Mis à l’abri à Camp David, le président découvre un pays en train de s’écrouler sur lui-même. Reste à savoir qui a lancé cette cyberattaque et surtout qu’elle est sa suite. 


Scénario captivant car très réaliste de Daniel Pecqueur mis en images par Denys. Il n’y a pas encore de véritable personnage principal mais la présentation de plusieurs « héros » (un agent de la CIA à Paris, un citoyen lambda, le président…) qui serviront aux différents arcs narratifs de la « Cyberwar » s’annonçant comme passionnante. 

« Cyberwar » (tome 1), Delcourt, 14,50 €

vendredi 16 novembre 2018

BD - Des Dieux en perdition



Adapté d’un roman de Nail Gaiman, « American Gods » s’offre une intégrale très copieuse. Les 9 chapitres adaptés par Craig Russell et dessinés par Scott Hampton. Ombre, prisonnier sur le point de finir sa peine, se réjouit de sortir et rejoindre sa femme. Mais deux jours avant la date fatidique, il doit enterrer sa femme. Morte en voiture avec son meilleur ami qui lui avait promis du travail. 


Accident causé par un manque d’attention du conducteur en raison de la fellation réalisée par l’épouse du copain toujours à l’ombre lors des faits. Ombre voit son monde s’écrouler.
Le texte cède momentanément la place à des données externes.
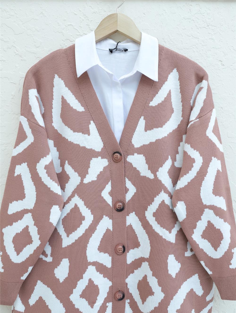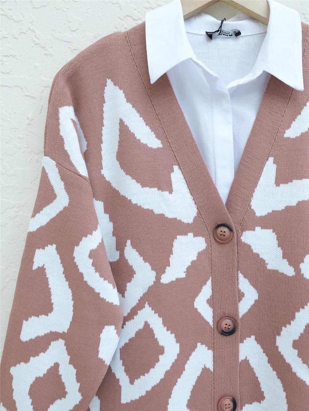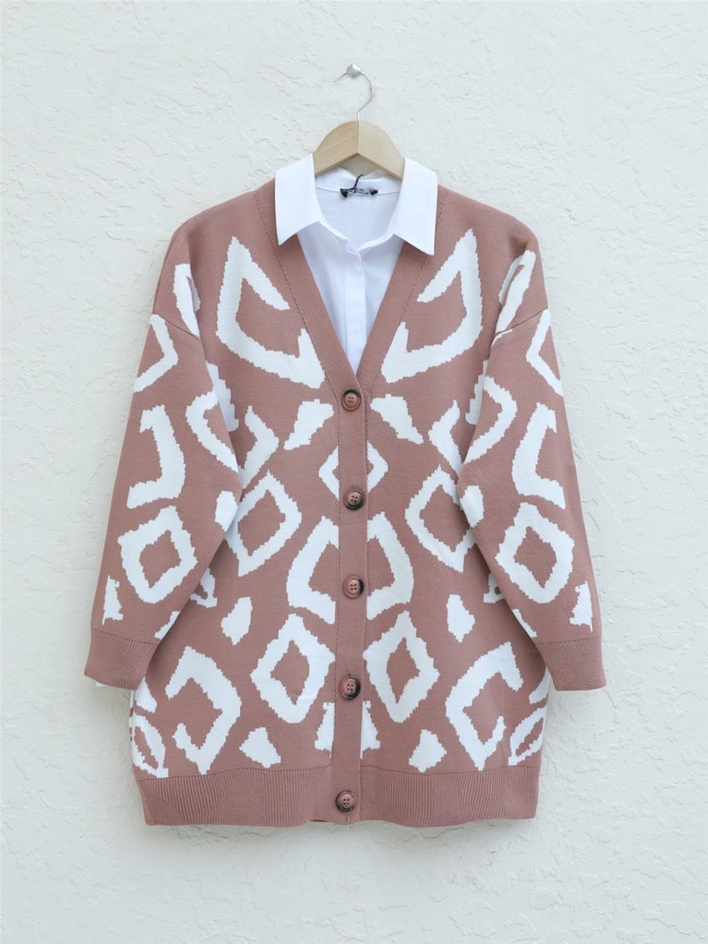 كارديجان تريكو منقوش بأزرار - جاف (384-200-R27)

Une proie parfaite pour un certain Mister Voyageur, par ailleurs ancien Dieu connu sous le nom d’Odin. 
Ombre et Odin vont sillonner l’Amérique pour reprendre le pouvoir face à ces nouveaux maîtres du pays que sont internet, la télévision et les fake news. 
De la SF très noire, mais qui se déroule pourtant déjà devant nos yeux, le pire de ces nouveaux Dieux étant au pouvoir depuis peu dans ce pays sans mémoire que sont les USA.  
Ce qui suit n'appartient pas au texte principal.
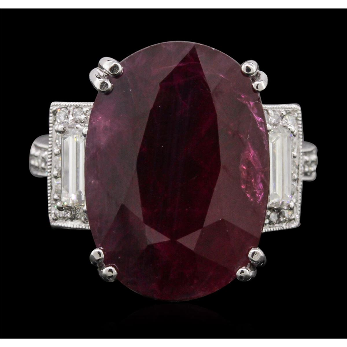 One electronically tested 18KT white gold Ladies combination cast & assembled ring with a bright polish finish. Condition is new. Identified with markings of "18K". Containing: One prong set oval modified mixed cut natural ruby, measuring 18.24 x 13.12 x 6.40mm, approximate weight of 12.59ct., clarity is heavily included, type II, medium dark, moderately strong, strongly purplish red color, (GIA stpR 6/4), cut is good. Indications of heat treatment with glass and flux residue. Colored gemstones are presumed to have been subjected to commonly used color/clarity enhancement processes. Seventy-Six bead set round brilliant cut diamonds, measuring 1.30 - 1.30 x 0.78mm (depth est.) approximate. Total Weight of 76 Stones = 0.61ct. Clarity: SI-1 to SI-2. Color: H - I, Cut is Good. Two prong set baguette cut diamonds, measuring 5.67 x 3.43 x 2.92mm (depth est.) approximate. Total Weight of 2 Stones = 0.30ct. Clarity: VS-2. Color: J, Cut is Very Good. Total Weight of Colored Stones 12.59ct. Total Weight of Diamonds 0.91ct. Total Weight of Ring 12.20 grams. GGL Appraised at $11,015.00.

« American Gods », Urban Comics, 272 pages, 22,50 €  

jeudi 15 novembre 2018

Thriller - Le meurtrier et la fillette


Avouons-le, parfois on se sent un peu trop perdu dans ce genre de production, même si elle est de très grande qualité. Un bon suspense, des personnages torturés et un « méchant » intrigant ne suffisent pas pour faire un bon thriller. Il faut ce petit plus, qui permet d’imaginer sans donner à voir. On ne le retrouve qu’à la marge de ce polar de Hjorth et Rosenfeldt. Reste que c’est d’un excellent niveau comme les précédents titres de la série.
 Et logiquement ces romans ont été adaptés pour la télévision…

Massacre d’une famille paisible  

« La fille muette » c’est Nicole. Dix ans. Elle était chez ses cousins ce matin en train de regarder la télévision quand un inconnu a sonné à la porte. La mère, sœur de sa maman, est allée ouvrir. Un premier coup de feu. Puis le tueur, froidement, a abattu le père et les deux garçons de la famille. Nicole s’est cachée.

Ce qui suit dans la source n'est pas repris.